Help Curb Stress For Fathers-To-Be
Will parenting change our relationship?
"Brand new dads often welcome the birth of their child with a combination of joy and bone-chilling apprehension," explains Dr. James Sutton, Psychologist, www.DocSpeak.com. "Marriage changes 'Me' to 'We,' and a new baby changes 'We' to 'Three.' It takes time for a new dad to make that shift and become comfortable with the changes and responsibilities that are part of all a baby brings." Despite your exhaustion and the influx of hormones, ensure that your partner doesn't feel like a third wheel by making time for just the two of you so you don't lose your connection as a couple.
How will I know my baby's needs?
Give the father-to-be some words of encouragement and explain to him that you're both learning as you go. When given the opportunity to figure it out, your guy will soon get the hang of this new daddy thing and find his concerns laid to rest.
Is this the end of our sex life?
Even when hitting the sheets takes on a whole new meaning for you as a new mom, you may be surprised how quickly you can get in the mood when your partner pitches in with some housework or parenting duties. Tell him you'll meet him in the boudoir after he vacuums the downstairs or washes up the bottles -- it's a win-win situation for you both!
What will become of my social life?
His free swinging bachelor days may be a thing of the past, but squashing his -- and your -- social life isn't your only option when baby makes three. Set up a schedule where you take turns heading out with your friends on alternate nights to help relieve new father stress and new mommy anxiety.
Will we have enough money to raise a baby?

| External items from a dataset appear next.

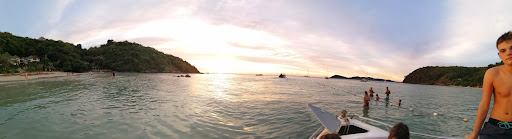 The atmosphere at Ao Phrao was peaceful and serene. The sea water was clear, allowing us to see the sandy bottom. The blue of the ocean contrasted beautifully with the green of the surrounding trees. We took a stroll along the beach for a while. This bay is perfect for relaxing or swimming in the sea. We also had time to capture some lovely shots of the sea and sky, which looked bright and vivid at that time of day.
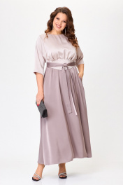 Нарядное платье макси из атласа с поясом кушак ANASTASIA MAK 1229 бежевый+капучино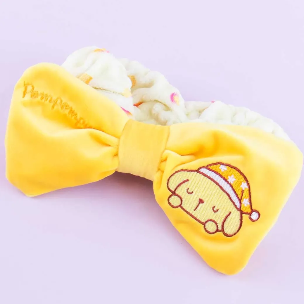 - A kawaii cloth headband with a ribbon featuring Pompomurin sleeping with a nightcap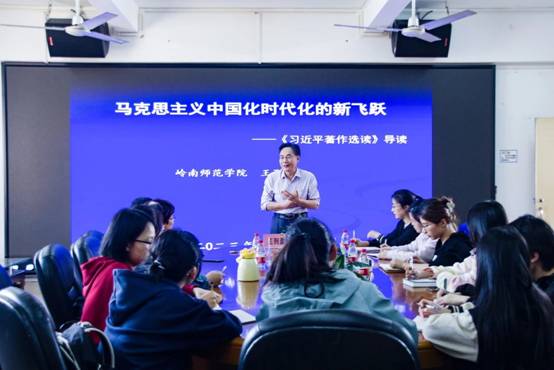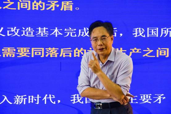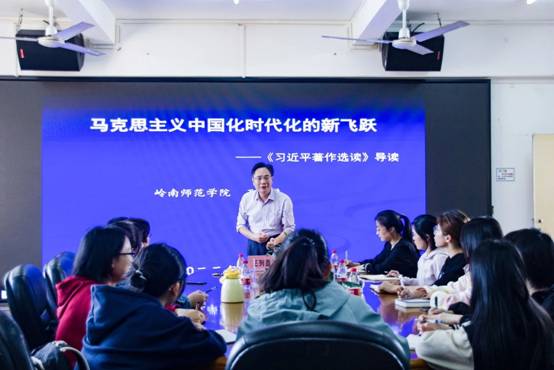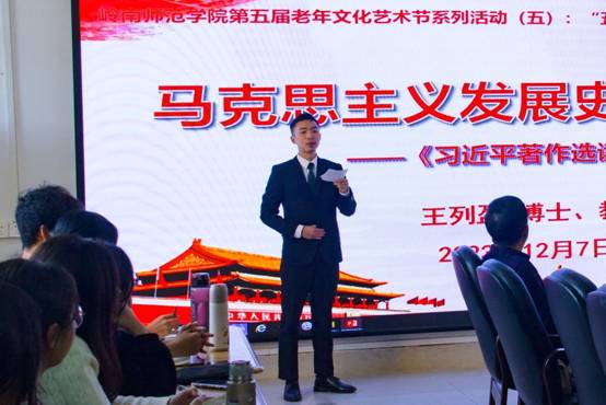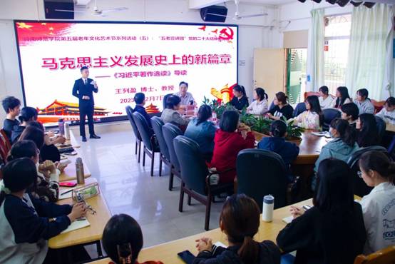 此次宣讲会中,王列盈教授以“马克思主义中国化时代化的新飞跃”为主题,深入剖析《习近平著作选读》中有关中国特色社会主义新时代发展的内容,点明其意义,并分别从著作出版的基本情况、回答的重大时代课题、蕴含的世界观和方法论三方面展开讲述。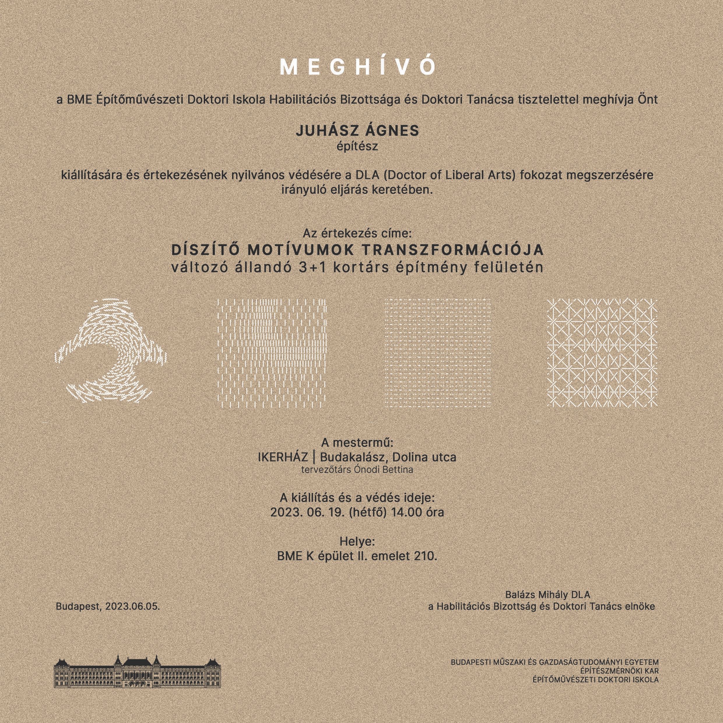 A BME Építőművészeti Doktori Iskola Habilitációs Bizottsága és Doktori Tanácsa tisztelettel meghívja Önt JUHÁSZ ÁGNES építész kiállítására és értekezésének nyilvános védésére a DLA (Doctor of Liberal Arts) fokozat megszerzésére irányuló eljárás keretében.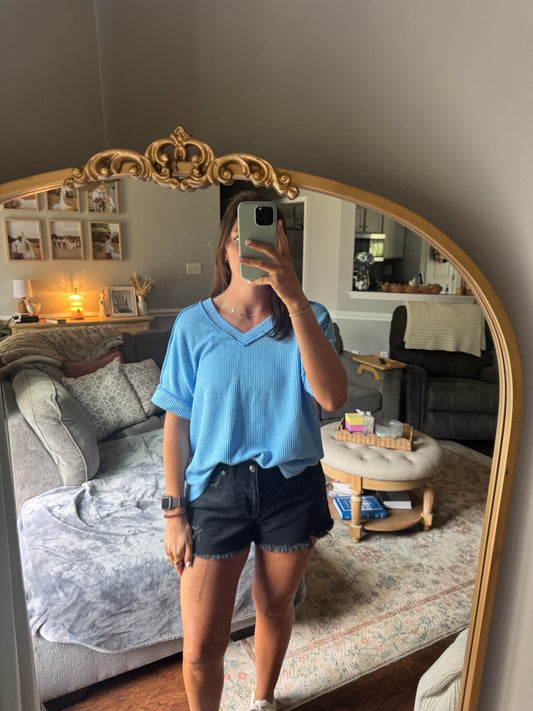RAISED RIB SHORT SLEEVE V NECK TOP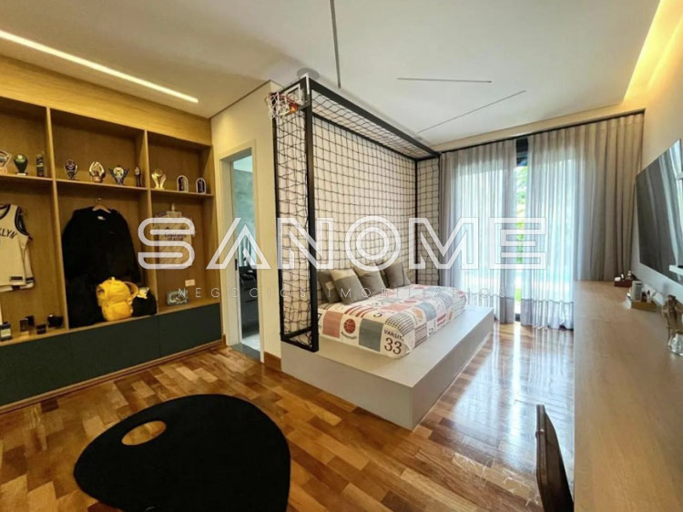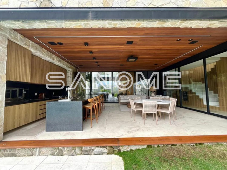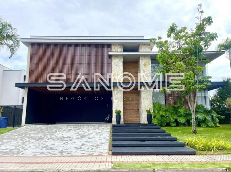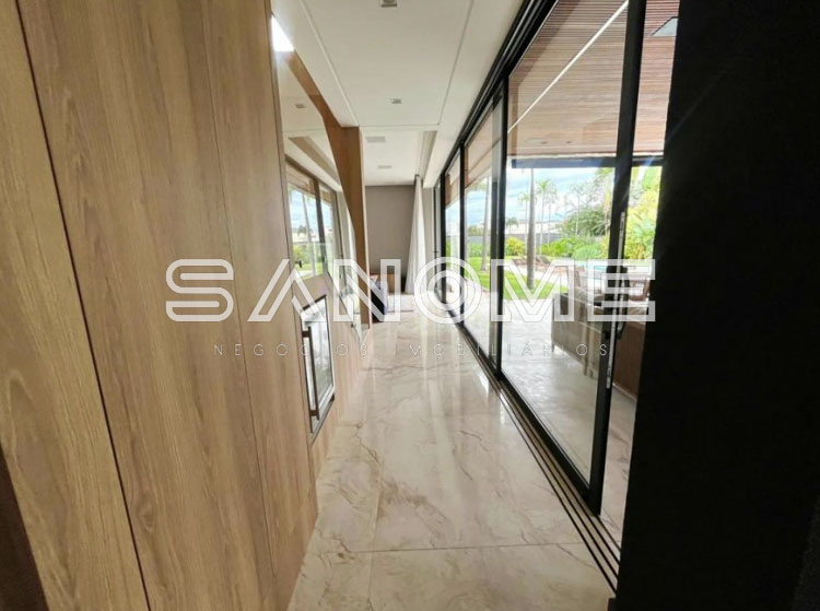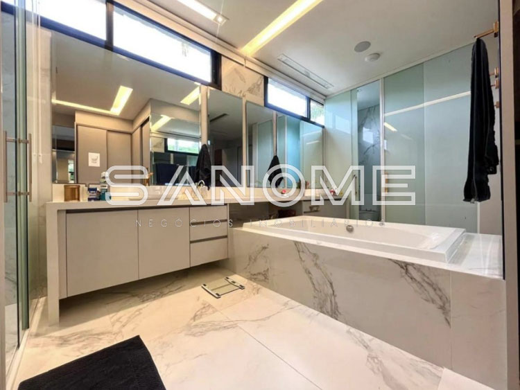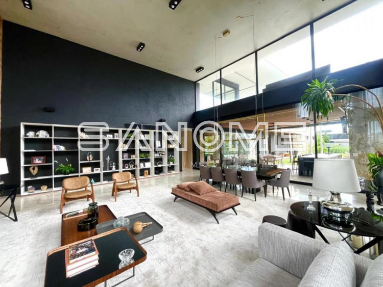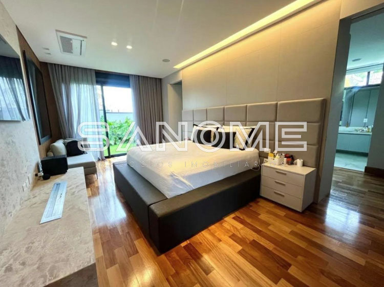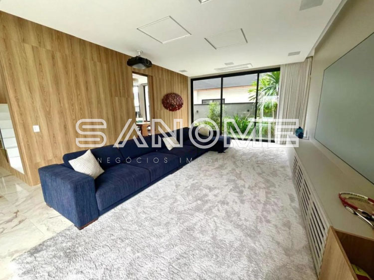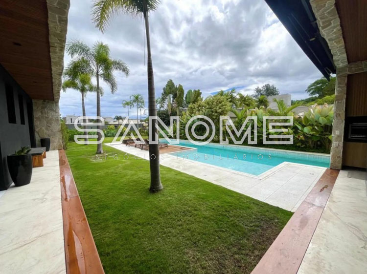Piso térreo: 4 suítes, Sala de estar com pé direito duplo, Sala de jantar, Lavabo, Sala de cinema, Escritório, Adega, Cozinha planejada, Copa, Despensa, Área de serviço com banheiro, Área gourmet, Banheiro de lazer, Sauna, Quintal gramado e Piscina com raia e prainha.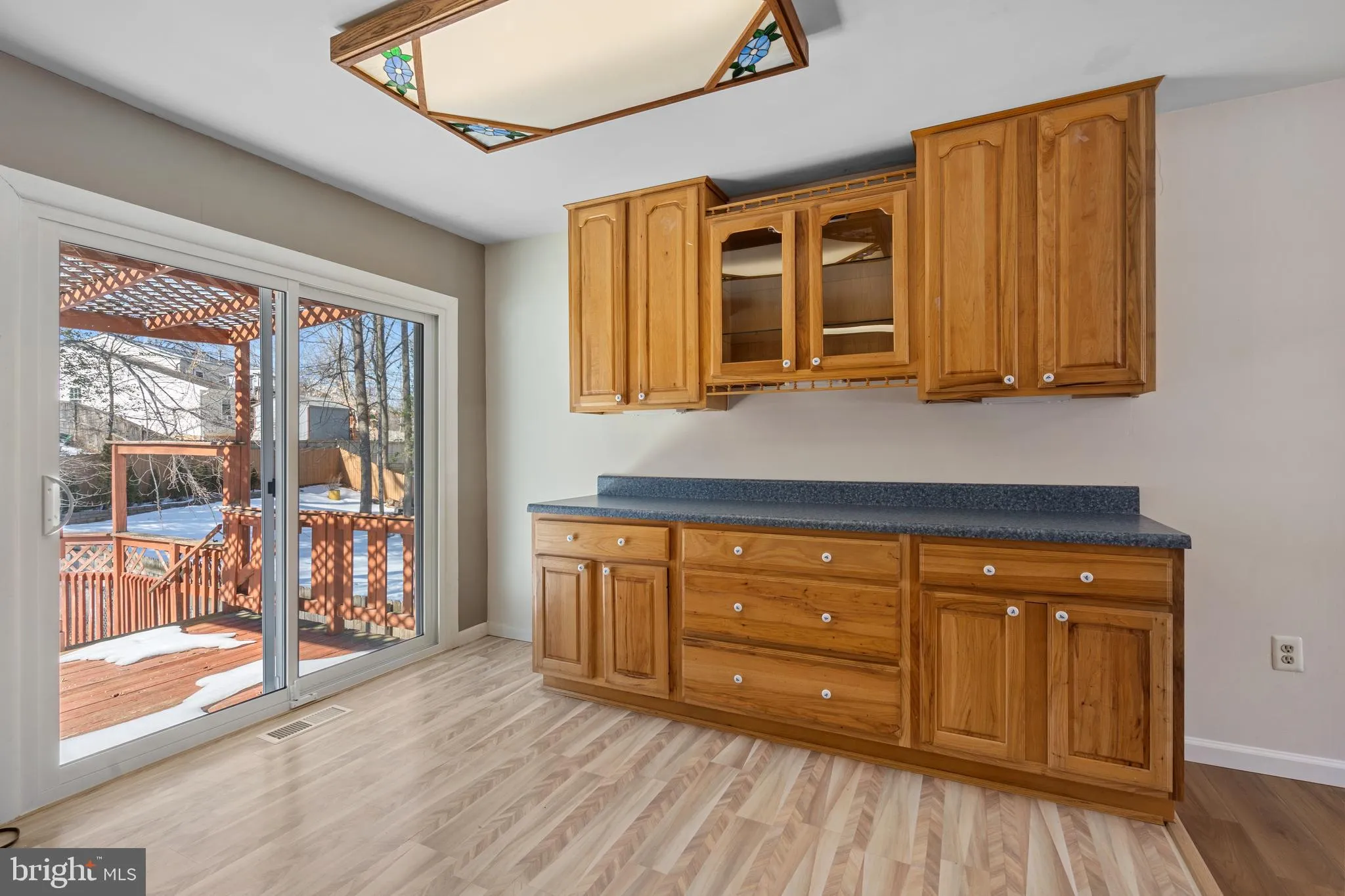 Well-maintained split-foyer home with solid construction and numerous updates throughout. The main level features a bright, inviting living room, highlighted by a charming bay window that fills the room with natural light. The kitchen features 42” wood cabinetry with ample storage. At the same time, the dining area opens to a spacious, three-level deck through a new sliding glass door — perfect for entertaining, grilling, or relaxing outdoors.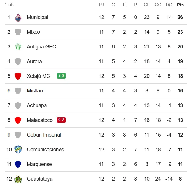 Así está la tabla de posiciones de la Liga Nacional de Guatemala tras la derrota de Municipal y la victoria de Comunicaciones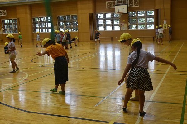 〇公民館長さんにお話を聞きました。〇畳のお部屋もありました。 〇体育室で遊びました。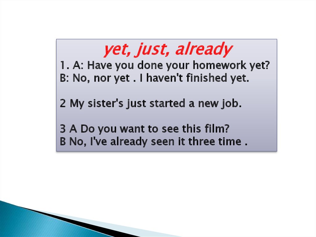 1.Use yet in[l- and [?]sentences to ask ifsomething has happened or to say if something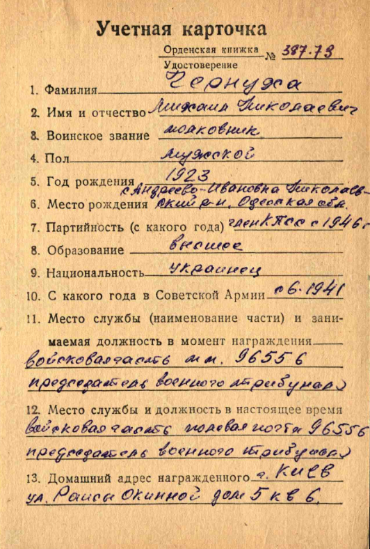 После окончания войны Михаил Николаевич продолжил службу в военном трибунале.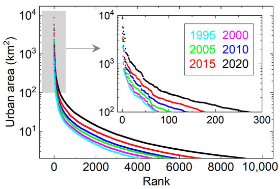 We rank the cities for analyzing urban development from 1995 to 2020 (Figure 6). In 1995, the number of cities in China is 4077; by 2020, the number of cities has increased to 9164, which is 2.2 times that of 1995. For the large cities (an area greater than 100 km2), there are 72 in 1995; by 2020, the number of large cities has increased to 269, which is 3.7 times that of 1995. Moreover, with the acceleration of China’s urbanization process, the difference in China’s urban areas is increasing, and the number of non-large cities is increasing, which shows that Chinese cities are actively developing overall. Furthermore, the city rank of the GUB statistics (Figure S8) is basically consistent with our results.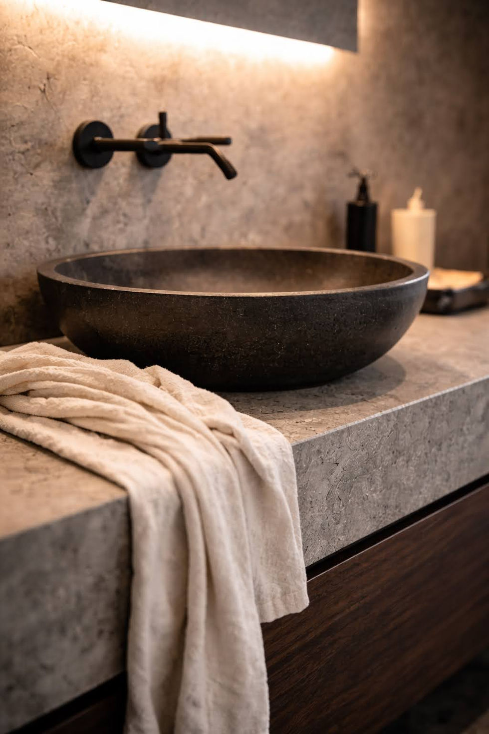 This residential project in Cyprus, represents a sophisticated fusion of minimalist architecture and structural honesty, characterized by its prominent use of raw exposed concrete and dark steel accents. The design focuses on clean, geometric lines and an open-plan layout that emphasizes volume and natural light through expansive, black-framed floor-to-ceiling glazing. Inside, the industrial aesthetic is refined by warm hardwood flooring and a sculptural, open-tread staircase with a glass balustrade, while the kitchen serves as a monolithic centerpiece with matte-black cabinetry and a stone island. Every element—from the integrated linear fireplace to the technical black ceiling spotlights—is meticulously curated to create a bold, contemporary sanctuary that balances the ruggedness of its materials with the elegance of modern urban living.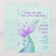 Mermaid birthday invitation with little mermaid under the sea theme. The design features a mermaids tail and ocean bubbles in watercolor shades of purple mint green and turquoise. Easy to edit for any age little girl's birthday party or summer pool party and perfect for mermaid, girly princess and under the sea themes.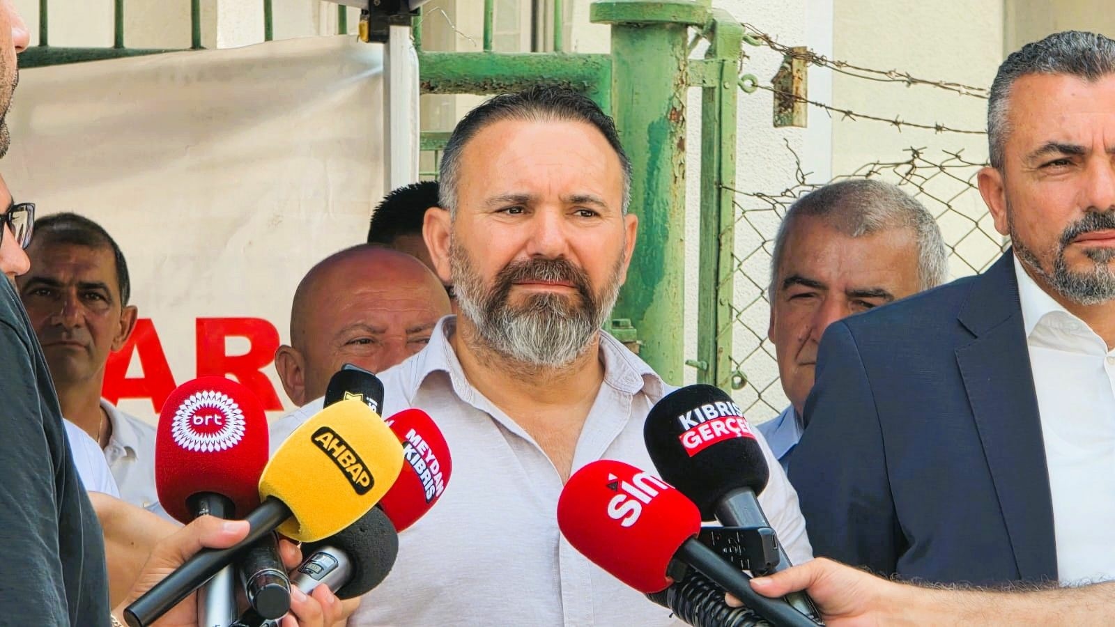 Lefkoşa'daki Telekomünikasyon Dairesi önünde düzenlenen eylemde, Tel-Sen Başkanı Hakan Üredi, Türk-Sen Başkanı Arslan Bıçaklı, KTAMS Başkanı Güven Bengihan ve Kamu-İş Başkanı Ahmet Serdaroğlu basına açıklamada bulundu.

Most fathers-to-be are infamous for suffering silently when it comes to money stress, so sit down together and rework your budget long before your due date arrives. Look for creative ways to save money, like adjusting your work schedule to save on daycare expenses and watch your partner's concerns dwindle along with your forthcoming costs.
To strengthen the connection you and your partner have before baby makes three, consider whisking the dad-to-be away on a babymoon before your bundle of joy arrives. The time alone will help you figure out how to help him deal with new daddy stress while giving you a chance to recharge before you dive into your new role as mommy!